→ **SUPPLIED DATA**:
'''

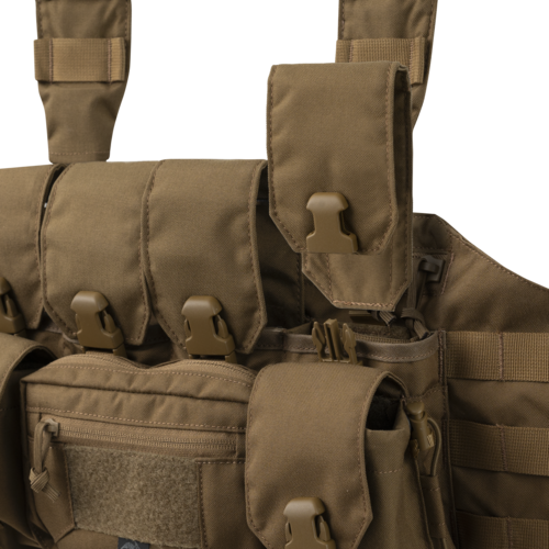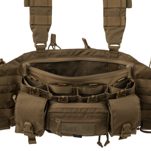 Das Helikon-Tex Guardian Recce Chest Rig ist ein leichtes und vielseitiges Chest Rig, das für taktische Einsätze und Outdoor-Aktivitäten konzipiert wurde. Es verfügt über vier Magazintaschen, die mit AR/AK-Magazinen kompatibel sind, sowie zusätzlichen Stauraum für kleine Ausrüstungsgegenstände wie Werkzeuge, Karten, Funkgeräte und andere Ausrüstung. Das MOLLE-Webbing auf beiden Seiten ermöglicht weitere Anpassungen. Die verstellbaren Schulter- und Hüftgurte sorgen für eine bequeme Passform und ermöglichen es Ihnen, das Chestrig allein oder über einem Plattenträger zu tragen. Das Guardian Recce Chest Rig ist ideal für Reconnaissance-Loadouts und ermöglicht einfachen Zugriff auf die wichtige Ausrüstung in dynamischen Situationen.
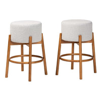 Baxton Studio Olwen Modern Japandi Light Grey Boucle Fabric And Walnut Brown Finished Wood 2-Piece Bar Stool Set
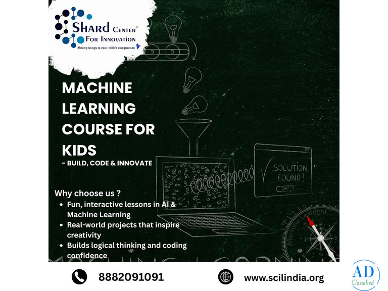 "Unlock your child’s potential with our Machine Learning Course for Kids, designed to make AI simple, fun, and practical. Through our AI Machine Learning Program for Kids, students learn how computers make decisions, recognize patterns, and solve problems creatively. This hands-on course builds a strong foundation in coding, logic, and artificial intelligence — preparing kids to become future-ready innovators.
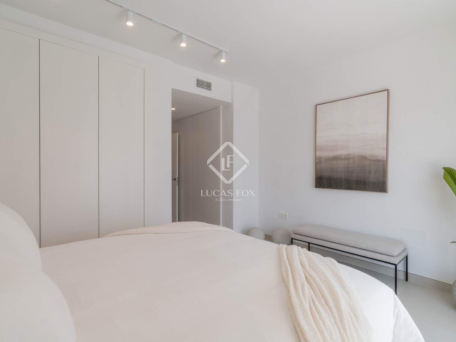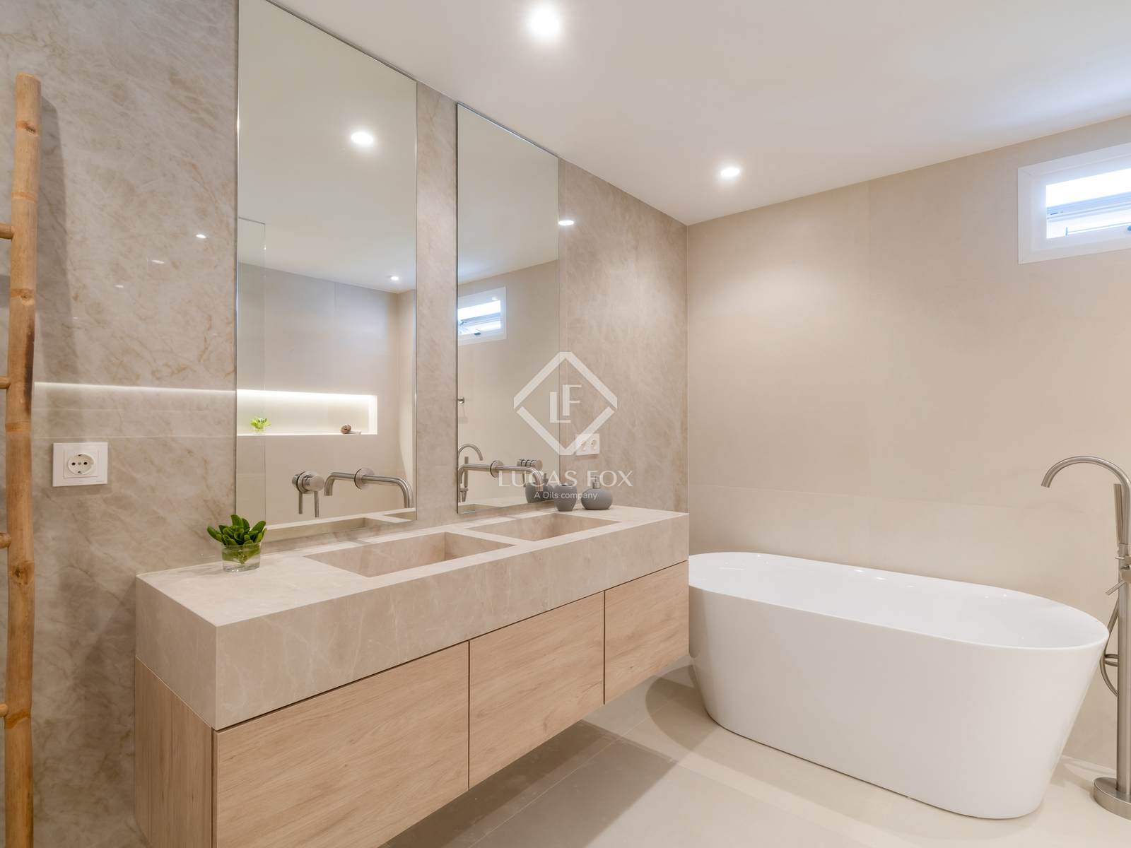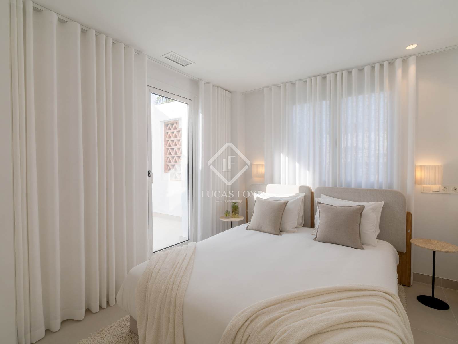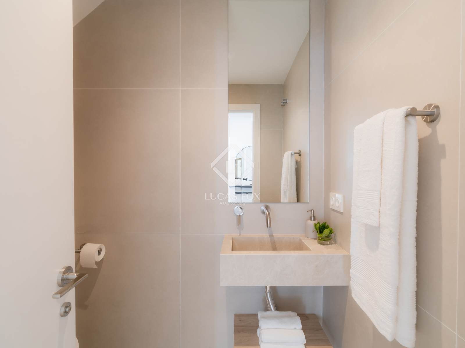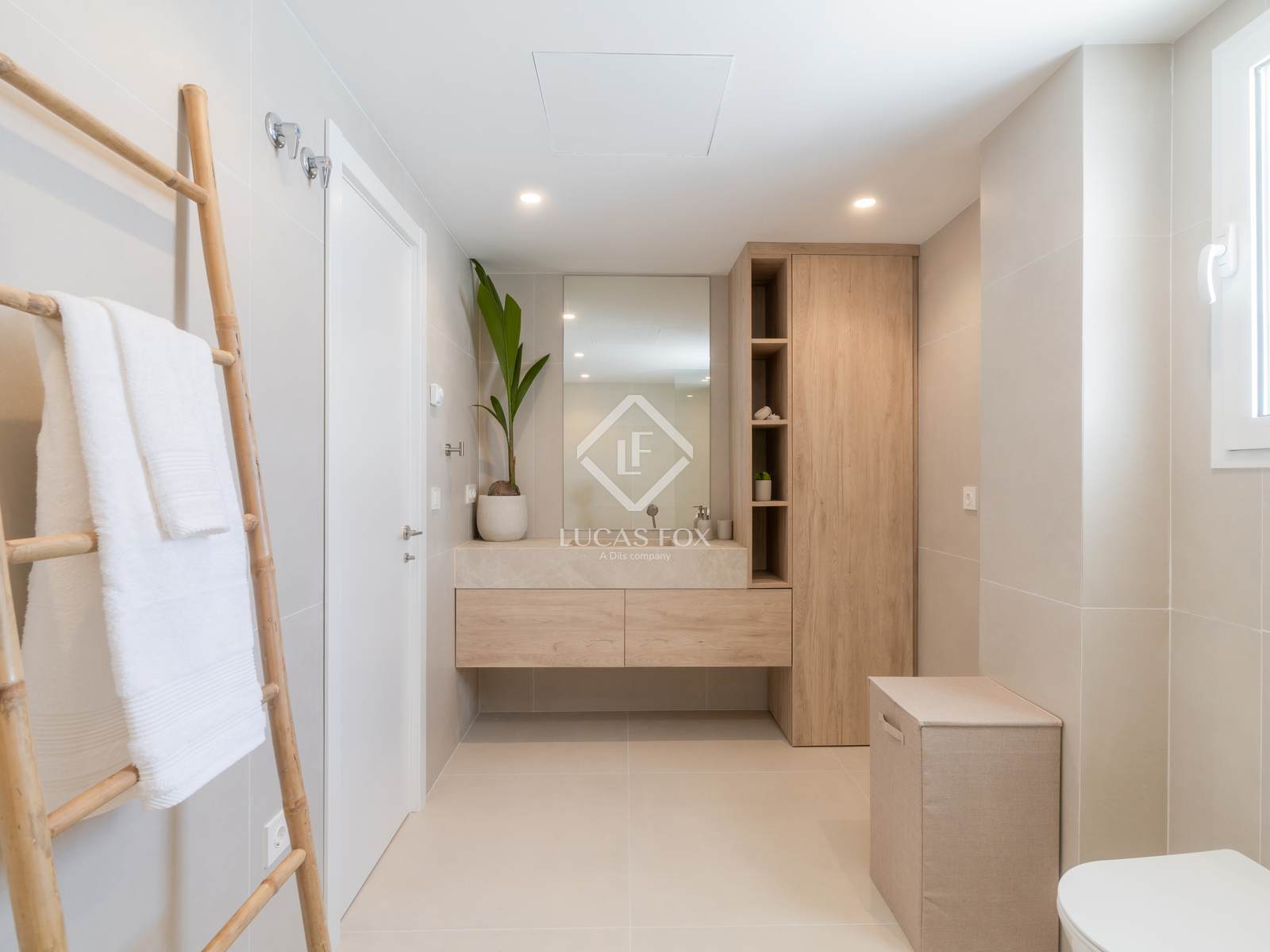 Spanning 180 m² of thoughtfully designed interiors and an impressive 141 m² of outdoor terraces, the penthouse has been fully renovated in a chic Scandinavian style, blending elegance with modern comfort. The main level features a bright open-plan kitchen, seamlessly connected to a spacious living and dining area crowned by a striking vaulted ceiling. Floor-to-ceiling glass doors flood the space with natural light and open directly to a private terrace, perfect for al fresco dining or simply embracing the Mediterranean breeze.
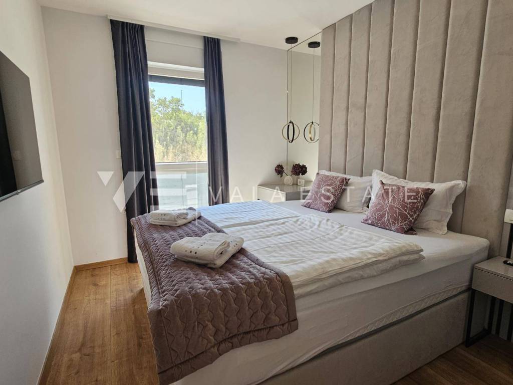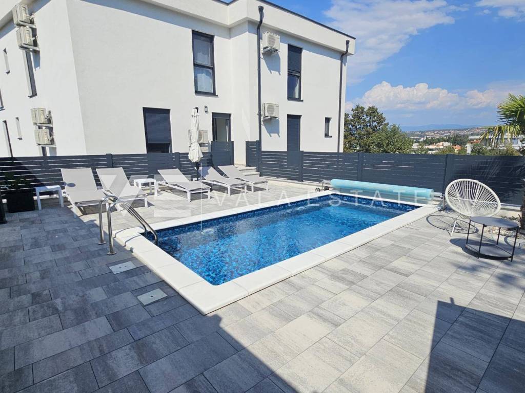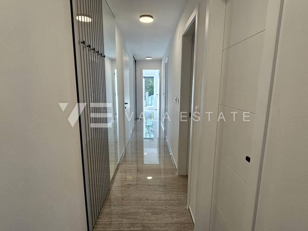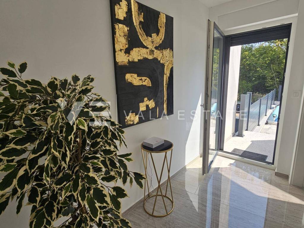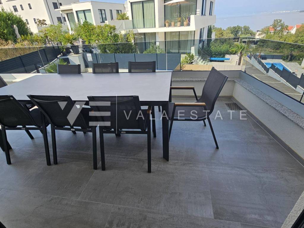 Real estate Island Krk, Malinska - for sale is a luxurious apartment located on the first floor of a new building with a garden and swimming pool. The apartment has a living area of 88 m2 and consists of an entrance hall, three bedrooms with attached bathrooms, a toilet and a space that includes a kitchen, dining room and living room with access to a covered terrace with a beautiful view of the sea. One of the bedrooms opens onto its own beautifully landscaped garden of 66 m2, where there is a heated pool of 12 m2, a sun deck and a summer kitchen. It has one parking space in the common courtyard of the building. Superior construction and equipment, PVC carpentry, electric blinds with mosquito nets, underfloor electric heating, first-class floor coverings, air-conditioned heating/cooling system and new high-quality custom-made furniture are just some of the features of this modern new building, and what makes it particularly attractive. is an exceptional location only 300 m from the beautiful beach.

'''

Restate the material word for word from its first line through the line containing "become future-ready innovators.", both included; the pictures do not belong in it.

 Das Helikon-Tex Guardian Recce Chest Rig ist ein leichtes und vielseitiges Chest Rig, das für taktische Einsätze und Outdoor-Aktivitäten konzipiert wurde. Es verfügt über vier Magazintaschen, die mit AR/AK-Magazinen kompatibel sind, sowie zusätzlichen Stauraum für kleine Ausrüstungsgegenstände wie Werkzeuge, Karten, Funkgeräte und andere Ausrüstung. Das MOLLE-Webbing auf beiden Seiten ermöglicht weitere Anpassungen. Die verstellbaren Schulter- und Hüftgurte sorgen für eine bequeme Passform und ermöglichen es Ihnen, das Chestrig allein oder über einem Plattenträger zu tragen. Das Guardian Recce Chest Rig ist ideal für Reconnaissance-Loadouts und ermöglicht einfachen Zugriff auf die wichtige Ausrüstung in dynamischen Situationen.
 Baxton Studio Olwen Modern Japandi Light Grey Boucle Fabric And Walnut Brown Finished Wood 2-Piece Bar Stool Set
 "Unlock your child’s potential with our Machine Learning Course for Kids, designed to make AI simple, fun, and practical. Through our AI Machine Learning Program for Kids, students learn how computers make decisions, recognize patterns, and solve problems creatively. This hands-on course builds a strong foundation in coding, logic, and artificial intelligence — preparing kids to become future-ready innovators.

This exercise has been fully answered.